VIVIAN PERLIS: Is the confining it the writing out of it?

LEO ORNSTEIN: Yes, of course, it’s the organism—and each piece demands its own organism. In the Classical period, they were perfectly willing to accept a formula that had been established, but today, when we speak of a sonata, it’s so vague today because it becomes so personalized, they’re just vague indications of the so-called traditional sonata form. Almost a personal invention, a personal arrangement…

VIVIAN PERLIS: I see that there are some sketch materials here, and there are things on the piano and so forth—you’re working on a symphony now.

LEO ORNSTEIN: Yes. I keep the notes separately, but I tell you what happens. It’s interesting. As I’m writing—for instance, there will be a line or two left unused, and I say to Pauline: “Quickly, throw me a piece of paper.” But I’m so afraid I’m going to lose it that I put the continuation in between another piece, just because there happens to be a little space there. And then quickly, of course, I get it together and dictate it to her so that it will get the continuity. But that’s nothing at all. That’s why you will sometimes see something, and then you see something that obviously doesn’t belong. It’s only because there was some paper left that was open, and I quickly put it down. You see, my memory is nothing as reliable as it used to be. Oh, nowheres near. I must say that I must have had quite a fairly good, decent memory because I was able to remember a piece
of music that would last twenty minutes, or twenty-five. I played a sonata in public, oh, for two years. I gave it probably fifty performances. And I haven’t yet gotten to write down a note because I simply was so crowded for time, but I remembered it. And, do you know, then I went to other pieces, and I never have been able to—then, of course, I forgot it, and I cannot recapture it.

VIVIAN PERLIS: So actually there are a couple of piano sonatas, aren’t there, that have never been captured.

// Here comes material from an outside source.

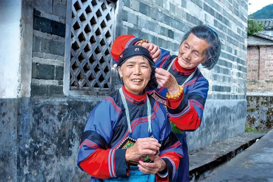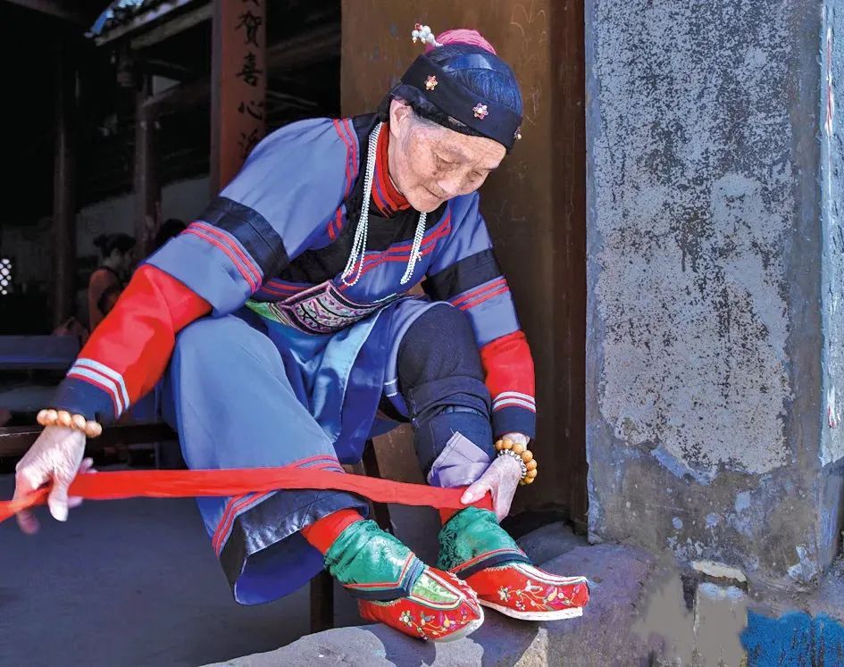 清流縣長(zhǎng)校鎮(zhèn)省級(jí)非遺項(xiàng)目客家服飾傳承人——馬玉英(中間)等在展示傳統(tǒng)服飾(曹建平攝) 流動(dòng)的客家風(fēng)景線 過去,行走在清流縣長(zhǎng)校鎮(zhèn)的主街道上,總能看到一位滿頭銀發(fā)的老嫗坐在自家門口。老嫗梳著一頭絲絲平整的發(fā)髻,穿一身寬博的大襟衫,衣長(zhǎng)及膝,下身著七分大襠褲,三分之一小腿及腳踝處用紅繩一圈繞著一圈系綁著客家“水褲”,其實(shí)是一塊鑲有緄邊的帕子,穿時(shí)把其中一角覆于腳面,其余部分用紅布條系綁在小腿及腳踝處,具有襪子的功效。除此外,她還手戴“竹節(jié)鐲”,腳著尖嘴繡花鞋。當(dāng)?shù)貙?duì)此裝飾有一順口溜:“頭上梳起龍船髻,腳上穿著尖咀鞋,大邊小鑲‘士林藍(lán)’,金環(huán)銀鐲響當(dāng)當(dāng)。”——這就是典型的客家服飾。 唐宋時(shí)期,客家人從中原遠(yuǎn)道遷徙而來,他們不僅帶來生產(chǎn)生活方式的進(jìn)步,也帶來了完全不同的民俗、風(fēng)俗。長(zhǎng)校客家傳統(tǒng)服飾,就是在這個(gè)時(shí)期的民族交融中,形成的頗具地方特色的服飾,時(shí)近千年幸得尚存。 “以前,只要看到我們的穿著,大家就知道我們是客家人,這是我們身份的標(biāo)識(shí)。”馬玉英是長(zhǎng)校客家服飾制作技藝的傳承人之一,她介紹,大襟衫多以藍(lán)、黑色棉麻布料為主,樣式又長(zhǎng)又寬,輔以圍身裙束腰,斜襟側(cè)開,全衣只7個(gè)盤扣,其袖口、領(lǐng)口處會(huì)配以不同顏色的緄邊,且在早期制作中,大量吸收畬族服飾緄邊刺繡手法,色彩對(duì)比強(qiáng)烈,手藝好的女性,還會(huì)在圍裙上縫上一面自己的手繡。寬大的袖口往上反卷,用暗扣或縫線固定,稱為“反袖口袋”,因此還需配一截一尺長(zhǎng)小袖子,臨時(shí)用針別在大袖口內(nèi),方便撤下洗換。 鄒春仙:13歲學(xué)習(xí)藍(lán)衫裁縫技藝 鄒春仙是清流長(zhǎng)校客家服飾制作技藝的另一位傳承人,是長(zhǎng)校鎮(zhèn)的客家藍(lán)衫裁縫。 她說自己的技藝是從父親和姐姐那里學(xué)的。她記得自己13歲那年,一放學(xué)回到家,就得幫忙家里做藍(lán)衫的布扣。別看小小一個(gè)布扣不起眼,扭結(jié)的過程需要花費(fèi)大力氣才抽得緊,成型后還要用重物敲擊打緊,這樣打制出來的布扣才圓潤(rùn)、飽滿、耐用。 “我們做布扣很注重‘出頭’。”鄒春仙說,打制出的布扣紐頭上有八個(gè)和九個(gè)結(jié)眼的差別,九眼的更飽滿結(jié)實(shí),客家人喜歡用九眼,聽長(zhǎng)輩們說九眼的頂端多出一個(gè)結(jié)頭,有“出頭”的涵義。 “做藍(lán)衫褲,不需要很準(zhǔn)確的量身,對(duì)穿的人沒有很嚴(yán)格的要求,不管高矮胖瘦都可以穿,所以,有時(shí)候一件好的藍(lán)衫,可以穿很久,甚至還可以母女相傳。”鄒春仙告訴筆者,整體裁剪制作起來不難,最難的是藍(lán)衫的裝飾。

LEO ORNSTEIN: What really happened was this: that as you thought of the music, it was also relegated to your memory at the same time, so that by the time I finished thinking the music, I really had it memorized. That’s why I was able to play it. With the “Three Moods [Anger, Peace, Joy],” for a long time I played them again and again and again, and for a long time I never put them down until finally I was cornered.

VIVIAN PERLIS: Those were written in—

LEO ORNSTEIN: Oh, I don’t know the year.

VIVIAN PERLIS: It was before the First World War.

LEO ORNSTEIN: Oh, yes. Right during the First World War.

VIVIAN PERLIS: And they were not written down, I believe, until—

LEO ORNSTEIN: That’s it, for a long time.

VIVIAN PERLIS: …1940-something.

LEO ORNSTEIN: It’s possible. It’s very possible it might not have been. And then I was forced—I think somebody was going to play it or something, and then, of course—

VIVIAN PERLIS: For a concert in memory of Paul Rosenfeld.

LEO ORNSTEIN: Yes. Then, of course, I was simply forced to.